## DATA
↓↓↓

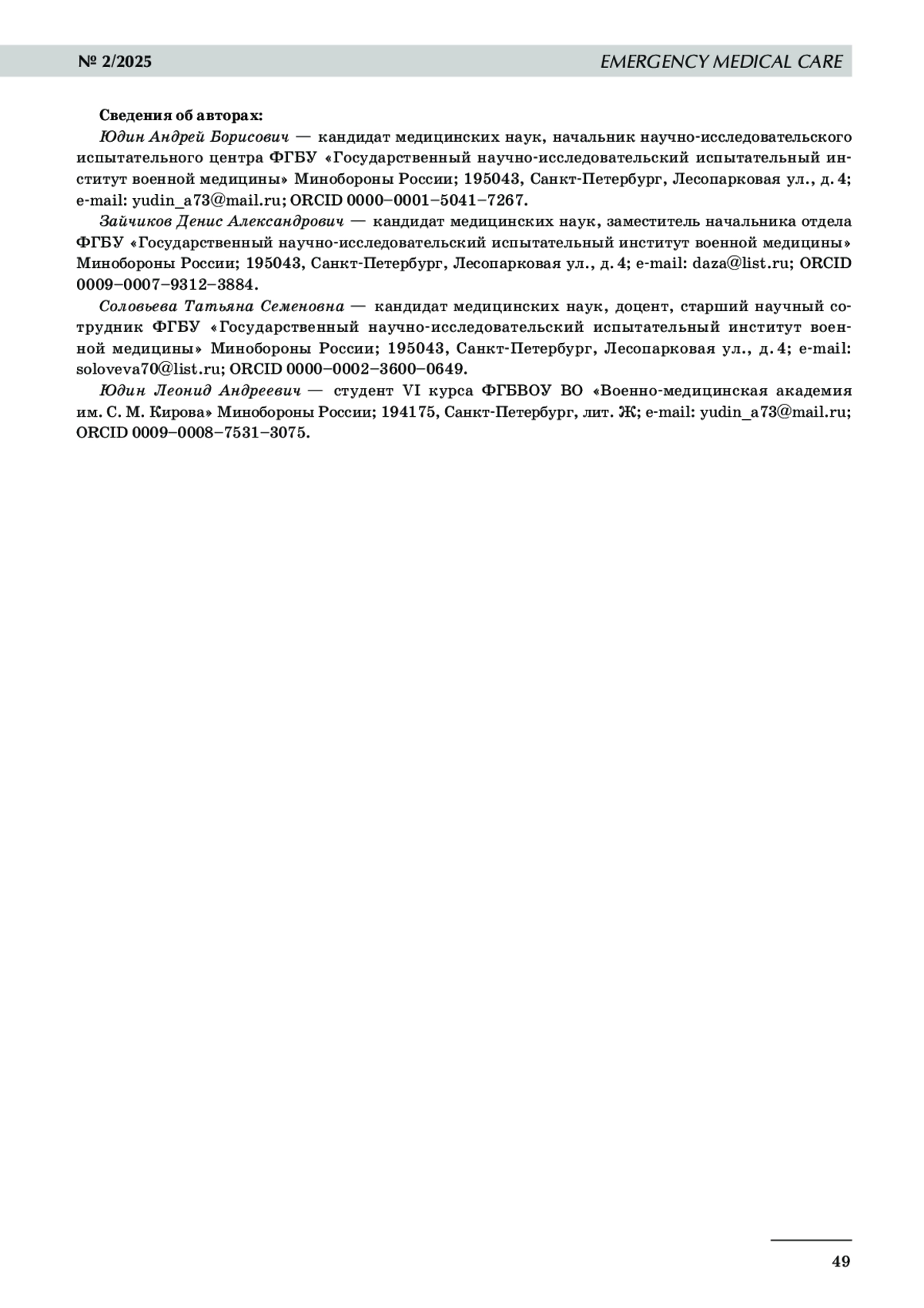 В 2025 году журналу «Скорая медицинская помощь» исполняется 25 лет. Журнал является печатным органом Российского общества скорой медицинской помощи, на страницах журнала публикуются решения Профильной комиссии Минздрава России по направлению «Скорая медицинская помощь», обсуждаются актуальные вопросы скорой медицинской помощи, службы медицины катастроф, проекты клинических рекомендаций. Цель исследования: провести анализ публикационной активности журнала за 25 лет. Материалы и методы. Анализ публикационной активности проведен по данным научной электронной библиотеки Elibrary. ru. Результаты исследования. За период с 01.01.2000 по 31.03.2025 издано 102 номера (выпуска) журнала с общим количеством статей 2344. Журнал включен в Перечень рецензируемых научных изданий, в которых должны быть опубликованы результаты диссертаций на соискание ученой степени кандидата наук и доктора наук по семи научным специальностям (категория 2). Отмечается устойчивая тенденция к увеличению числа цитирования статей, пятилетнего и двухлетнего импакт-фактора, среднего индекса Хирша авторов статей. Число цитирований в 2008 году составило 31, в 2023 году — 158; двухлетний импакт-фактор РИНЦ в 2008 году — 0,11, в 2023 году — 0,40; пятилетний импакт-фактор РИНЦ в 2008 году — 0,05, в 2023 году — 0,40; средний индекс Хирша авторов публикаций в 2008 году — 3,68, в 2023 году — 7,36. Заключение. Журнал «Скорая медицинская помощь» активно развивается и имеет потенциал для включения в Белый список научных изданий.
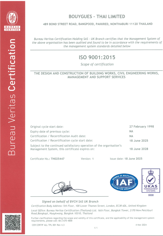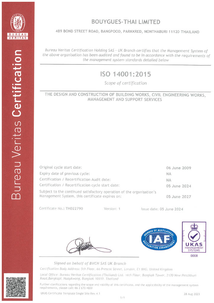 Bouygues-Thai has achieved the highest level of certifications across various sectors : environmental, management, safety and quality assurance.
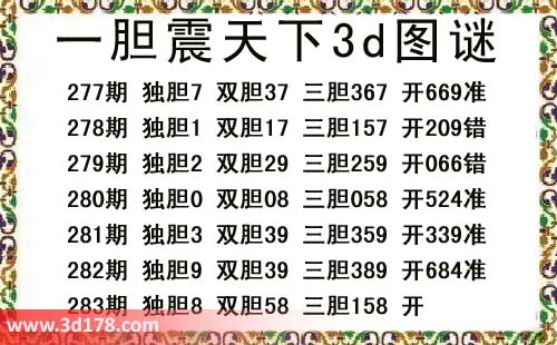 一胆震天下三胆图库由3D之家3D图库频道原创,仅供彩民参考,温馨提供。
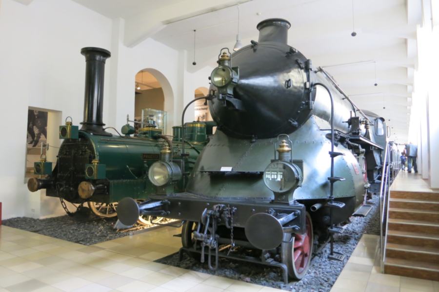 Φθάνοντας πια στην έξοδο του μουσείου, είδαμε το ακριβές αντίγραφο της πρώτης ατμομηχανής που εκτέλεσε δρομολόγιο στη Γερμανία το 1835. Νωρίτερα, είχαμε θαυμάσει δύο ζωγραφικούς πίνακες του ίδιου τραίνου, αντίγραφα των οποίων έχουμε δει αρκετές φορές σε δημόσια κτίρια στη Βαυαρία.
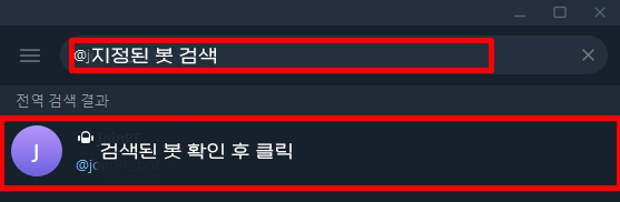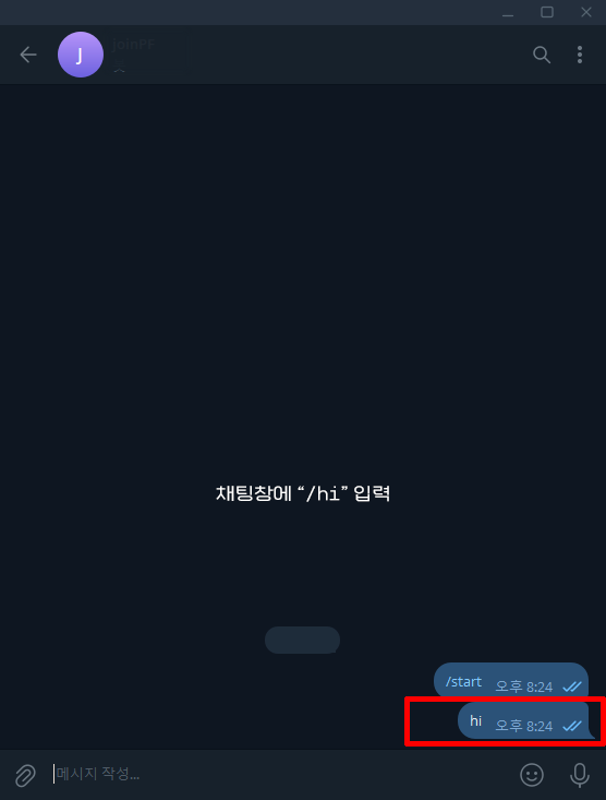 자신의 텔레그램에서 @joinPF_bot 을 검색하고 대화를 시작합니다
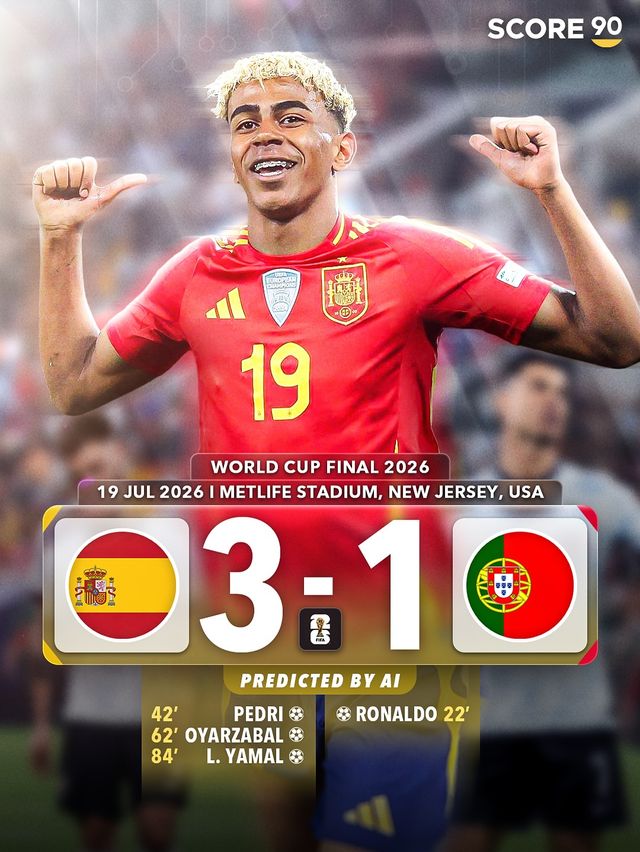 결승 맞대결은 2030년 차기 월드컵을 개최하는 스페인과 포르투갈이다. 스페인은 준결승에서 브라질을 꺾고 올라오며 포르투갈은 아르헨티나를 격파한다는 예측이다.
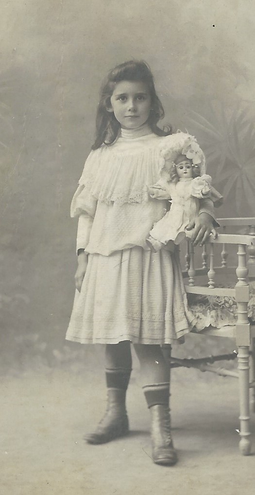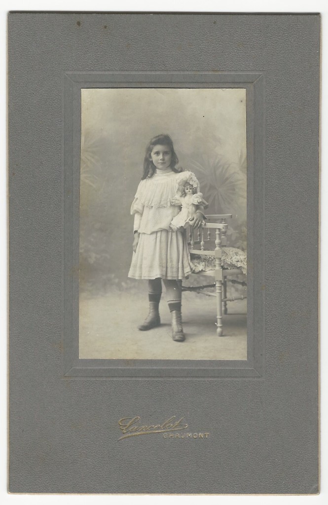 This vintage photograph features an adorable little girl holding her cherished doll as she poses for her portrait at the Lancelot studio in Chaumont, France. The town is located in the North Central part of the country. Dolls have been around for a long time. In fact, there is archaeological evidence that indicates that dolls may by the oldest known toy. Wooden dolls were found in Egyptian tombs that date back to the 21st century BC. Remarkably, dolls with movable limbs and removable clothing existed in at least 200 BC. This vintage photo is in very good condition (see scans). SOLD
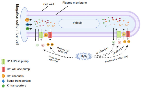- Zhang, D.; Zhang, T.; Guo, W. Effect of H2O2 on fiber initiation using fiber retardation initiation mutants in cotton (Gossypium hirsutum). J. Plant Physiol. 2010, 167, 393–399. [Google Scholar] [CrossRef]
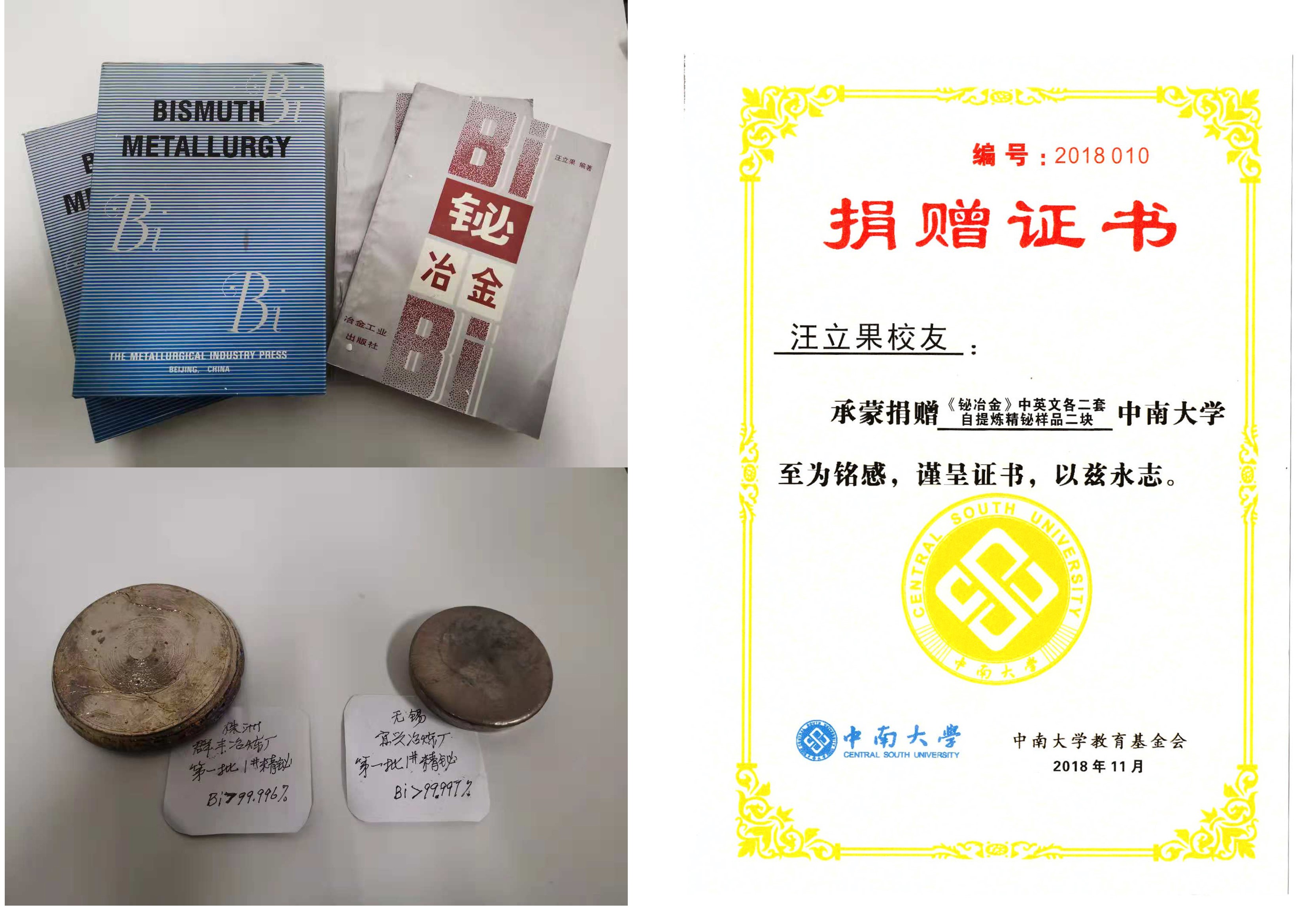 为丰富必威 冶金博物馆的藏品,汪立果校友于2018年11月5日向学院捐赠以下物品:
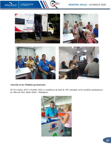 Atención en los Módulos permanentes De Noviembre 2019 a Octubre 2020 se atendieron un total de 388 consultas en los módulos permanentes de Albrook Mall, Metro Mall y Multiplaza. 27

↑↑↑

## WHAT YOU HAVE TO DO
Starting at the line containing "자신의 텔레그램에서 @joinPF_bot 을 검색하고 대화를 시작합니다" and stopping at the line containing "결승 맞대결은 2030년", output each line exactly as it appears above. Leave out the pictures.

## PROBLEM SOLUTION
 자신의 텔레그램에서 @joinPF_bot 을 검색하고 대화를 시작합니다
 결승 맞대결은 2030년 차기 월드컵을 개최하는 스페인과 포르투갈이다. 스페인은 준결승에서 브라질을 꺾고 올라오며 포르투갈은 아르헨티나를 격파한다는 예측이다.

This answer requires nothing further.